WIP: generalized index constraints [PgSql]

Prev: corrupted double-linked list
Next: Timestamp to time_t

From: Brendan Jurd on 13 Sep 2009 05:08

2009/8/21 Brendan Jurd <direvus(a)gmail.com>:
> 2009/8/21 Jeff Davis <pgsql(a)j-davis.com>:
>> On Fri, 2009-08-21 at 12:23 +1000, Brendan Jurd wrote:
>>> The current behaviour seems to be predicated on the unique constraint
>>> being an integral part of the index itself. While this might be true
>>> from a system catalog point of view (pg_index.indisunique), if a user
>>> says that they want to copy a table's structure INCLUDING INDEXES
>>> EXCLUDING CONSTRAINTS then IMO they've made their intention perfectly
>>> clear. They'd expect it to create an index sans the unique
>>> constraint. Ignoring the user's intention and copying the index as-is
>>> (including the unique constraint) would be unfriendly.
>>
>> I don't have strong feelings either way. I think that's probably a
>> separate patch, and a fairly small patch.
>>
>
> Yeah, as I was writing the above I was thinking that it might end up a
> separate patch. However I was also concerned that it might be less
> disruptive if we implement your patch with the less-astonishing
> behaviour and fix the unique index case in passing, than to commit
> your patch with the bad behavior and then fix both.
>
> Up to you.
>

Hi Jeff,

Any update on this patch?

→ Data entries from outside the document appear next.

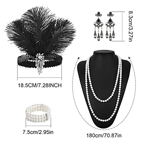 MIVAIUN 6 Pezzi Anni '20 Flapper Great Gatsby Accessori Set, 1920 Accessori Set, Anni '20 Accessori Accessori, Charleston Costum, Anni 20 Fascia Capelli Piume, Accessori Anni 20 Donna (6 Pezzi)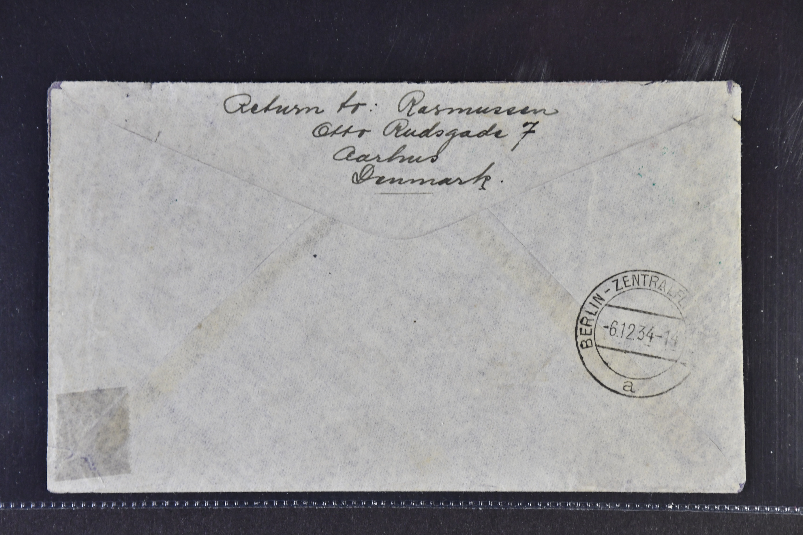 Denmark. Facit 229a, 259 on cover, on Zeppelin cover Christmas flight to South America 1934, AARHUS 5.12.34 to Argentine, small tear in lower right corner.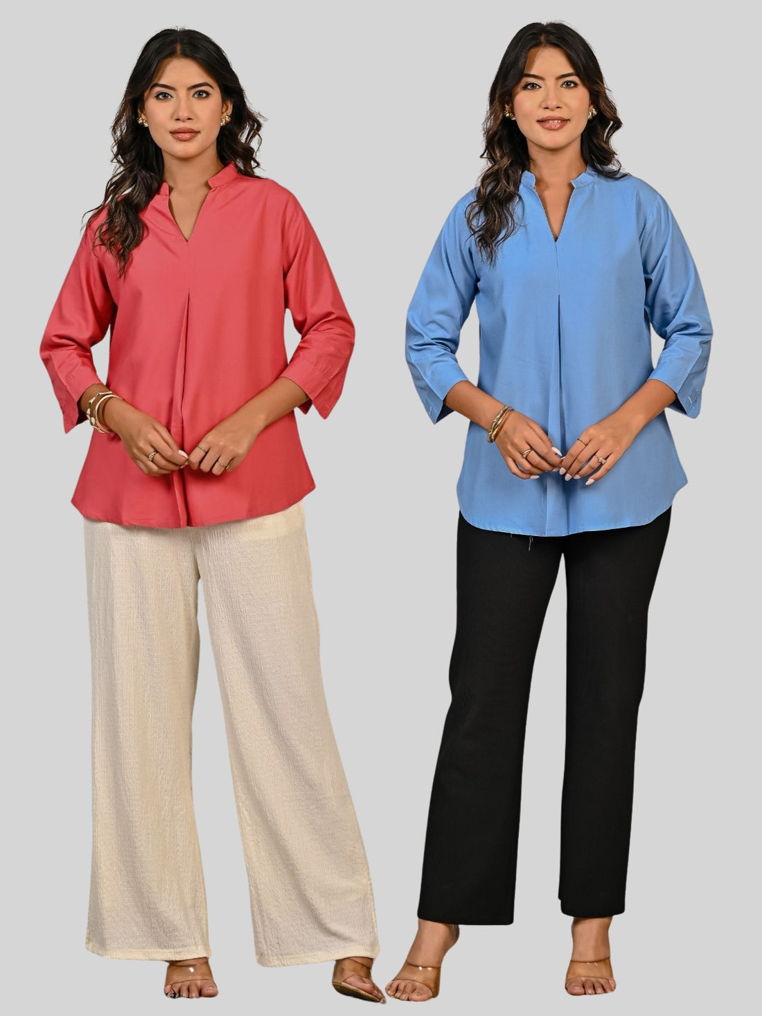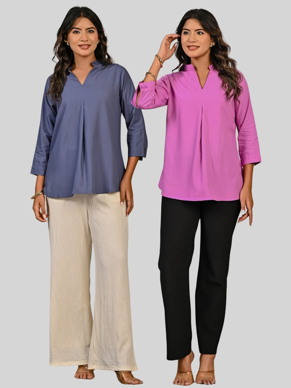 Solid Mauve Pink And Sky Blue V Neck Viscose Pleated Tops Combo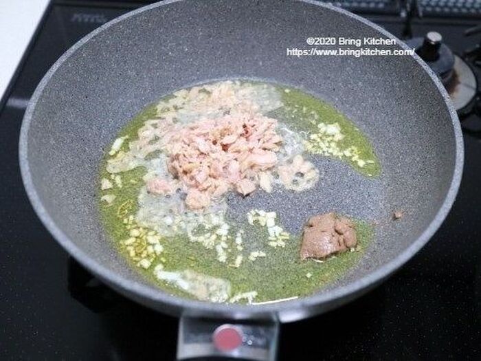 にんにくから香りがしたら、アンチョビペーストとツナ缶をオイルごと加える。

The discussion appeared to trail off around
21 Aug with some inconclusive thoughts about handling the corner cases
in CREATE TABLE LIKE.

The September CF starts in a couple of days, so this patch is in
danger of missing the boat.

The unresolved points seem to be:

* What to do about INCLUDING INDEXES EXCLUDING CONSTRAINTS --
Postgres gets this wrong for unique indexes currently. Should we
persist with the existing behaviour or fix it as part of this patch?
My personal feeling was +1 for fixing it in this patch.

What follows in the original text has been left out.